The Year's Best Science Fiction: Twentieth Annual Collection
Page 100
“That’s one view.”
Mina shrugged. “I’d love to be proved otherwise.”
“Well, do you think we should try following them? I know we can’t track sprites over any distance, but we might be able to keep up for a few hours before we drain the batteries.”
“We wouldn’t learn much.”
“We wouldn’t know until we tried,” Naqi said, gritting her teeth. “Come on—it’s got to be worth a go, hasn’t it? I reckon that swarm moved a bit slower than’ a single sprite. We’d at least have enough for a report, wouldn’t we?”

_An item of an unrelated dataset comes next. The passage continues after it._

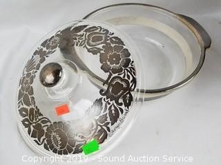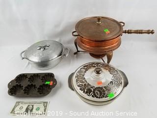 Item Description:  Also comes with a cast iron muffin pan. 2qt  Anchor Hawking Fire King with Briar silver  overlay, casserole dish and Everlast forged  aluminum casserole dish with Pyrex insert and  copper chafing dish.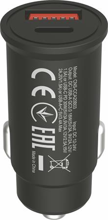 Autós töltő, USB-C/USB-A, QC 3.0 18W, PD 30W, CANYON "C-20B03"

Mina shook her head. “All we’d have is a single observation with a little bit of speculation thrown in. You know we can’t publish that sort of thing. And anyway-assuming that sprite swarm did have something to do with the ship—there are going to be hundreds of similar sightings tonight.”
“I was just hoping it might take our minds off the news.”
“Perhaps it would. But it would also make us unforgivably late for our target.” Mina dropped the tone of her voice, making an obvious effort to sound reasonable. “Look—I understand your curiosity. I feel it as well. But the chances are it was either a statistical fluke or part of a global event everyone else will have had a much better chance to study. Either way we can’t contribute anything useful, so we might as well just forget about it.” She rubbed at the marks on her forearm, tracing the paisley-patterned barbs and whorls of glowing colouration. “And I’m tired, and we have several busy days ahead of us. I think we just need to put this one down to experience, all right?”
“Fine,” Naqi said.
“I’m sorry, but I just know we’d be wasting our time.”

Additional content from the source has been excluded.